Search hard enough amongst the gloom of what's happening in the pub and beer market right now, you'll find the odd shaft of light. cask ale is enjoying a renaissance, outperforming every other sector.
This is especially welcome since as yet Tesco et al haven't worked out how to give their shoppers the true "beer at home experience".
So cask ale is still a real reason to visit the pub. Cause to celebrate perhaps?
You'd think that the beardy weirdies of the Campaign for Real Ale (Camra) would be happy that their favourite brew is seemingly coming to the rescue of at least part of the British pub scene.
But no! Apparently, according to the malcontents of Camra's sandal-clad, whisker-stroking stormtroopers a guest ale's not a guest ale unless it comes from some oddball brewery down a country lane and is served with bits in it under a name like Knackered Old Cripplecock.
At Marston's we have five proper breweries, six brand families, 88 beers brewed in total, 35 ales available permanently, 53 guest beers on throughout the course of the year.
You'd think that by any measures that was a pretty wide choice.
Bizarrely, though, some licensees seem to think that they should have an even wider choice, egged on of course by the itinerant Camra bunch that go promiscuously from pub to pub, looking for their next eclectic pint brewed in a cupboard with the dubious benefit of progressive beer duty. They're a gobby lot, the beardies.

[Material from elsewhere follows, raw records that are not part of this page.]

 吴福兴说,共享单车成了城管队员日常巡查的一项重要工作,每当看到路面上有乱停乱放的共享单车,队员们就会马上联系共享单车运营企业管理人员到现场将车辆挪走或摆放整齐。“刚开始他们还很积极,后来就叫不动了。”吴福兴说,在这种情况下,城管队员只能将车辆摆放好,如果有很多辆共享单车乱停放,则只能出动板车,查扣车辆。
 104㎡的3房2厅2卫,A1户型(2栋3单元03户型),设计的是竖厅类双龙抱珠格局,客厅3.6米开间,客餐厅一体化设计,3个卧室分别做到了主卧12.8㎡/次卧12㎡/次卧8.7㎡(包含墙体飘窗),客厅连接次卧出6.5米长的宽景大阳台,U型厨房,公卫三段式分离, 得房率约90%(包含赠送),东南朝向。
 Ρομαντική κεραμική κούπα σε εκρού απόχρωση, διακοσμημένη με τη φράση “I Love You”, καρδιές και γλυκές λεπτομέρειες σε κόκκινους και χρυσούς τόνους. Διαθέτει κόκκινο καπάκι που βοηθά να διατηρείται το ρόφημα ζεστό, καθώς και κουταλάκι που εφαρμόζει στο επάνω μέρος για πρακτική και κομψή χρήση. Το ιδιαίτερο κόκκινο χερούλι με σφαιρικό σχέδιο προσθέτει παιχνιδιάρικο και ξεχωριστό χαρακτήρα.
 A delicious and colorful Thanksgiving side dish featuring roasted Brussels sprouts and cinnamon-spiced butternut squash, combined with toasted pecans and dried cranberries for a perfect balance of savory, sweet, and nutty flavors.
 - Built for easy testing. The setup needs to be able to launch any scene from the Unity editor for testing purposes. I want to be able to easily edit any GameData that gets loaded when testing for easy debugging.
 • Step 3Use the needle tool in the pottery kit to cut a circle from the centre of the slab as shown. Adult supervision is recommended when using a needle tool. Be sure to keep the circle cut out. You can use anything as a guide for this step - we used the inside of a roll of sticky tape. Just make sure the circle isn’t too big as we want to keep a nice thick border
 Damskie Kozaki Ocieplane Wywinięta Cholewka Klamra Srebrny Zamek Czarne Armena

Holding up the glass, opining on the beer before them, more often than not talking rubbish about ingredients and how it's brewed. Licensees should be aware of kowtowing to them.

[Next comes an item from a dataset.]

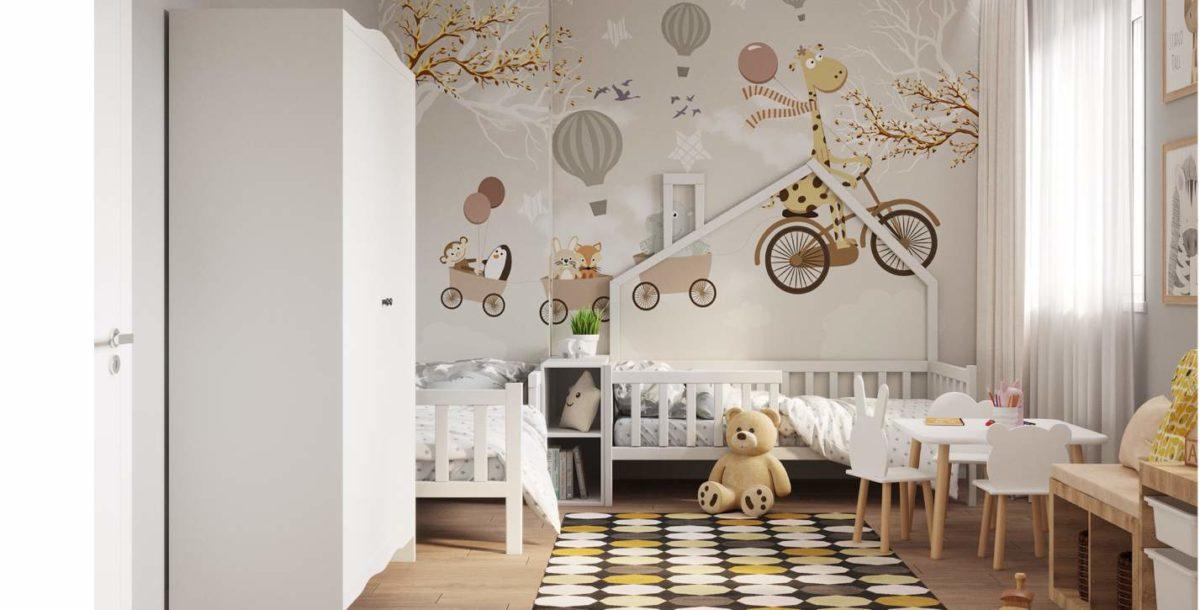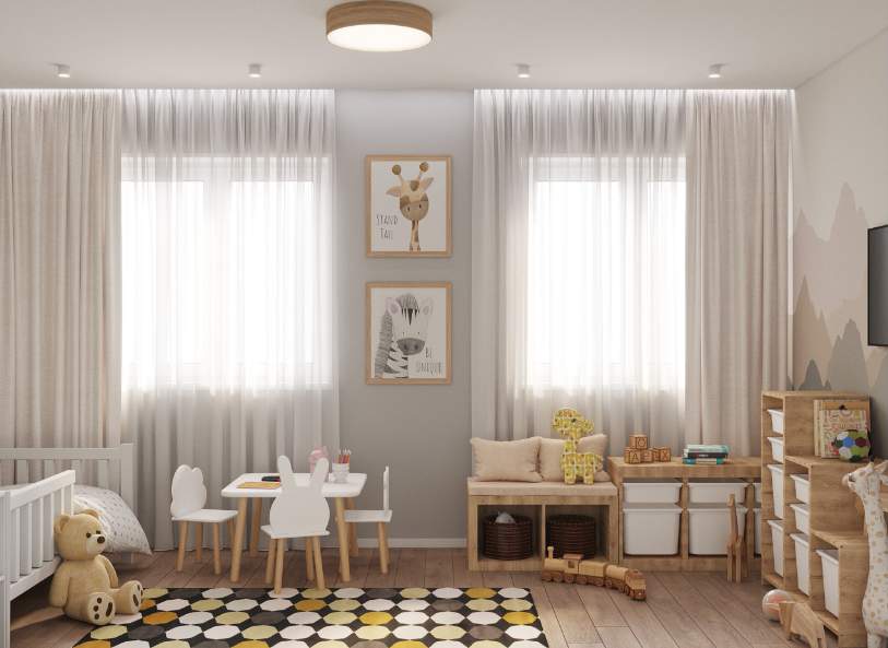 Детская комната в этой квартире спроектирована для двух маленьких детей. В ней создана игровая зона для игр и творчества, а также предусмотрено много места для хранения игрушек.

The bigger part of the cask ale audience — and the growing part — is normal people, who recognise a good drink, part of our national heritage, when they see it.
Amazingly, 65% of grown-up drinkers have never even had real ale past their lips, yet 40% of those that do give it a go become converts. They see cask ale in a new and refreshing light.
With Cask Ale Week fast approaching on 6 April it would be a tragedy if the hobbits took over the show.
It's a golden opportunity for serious brewers — Siba chose not to fork out for it — to show that to enjoy cask ale you don't have to have mislaid your razor, wear socks with your sandals or to have a beer gut the size of Rotherham.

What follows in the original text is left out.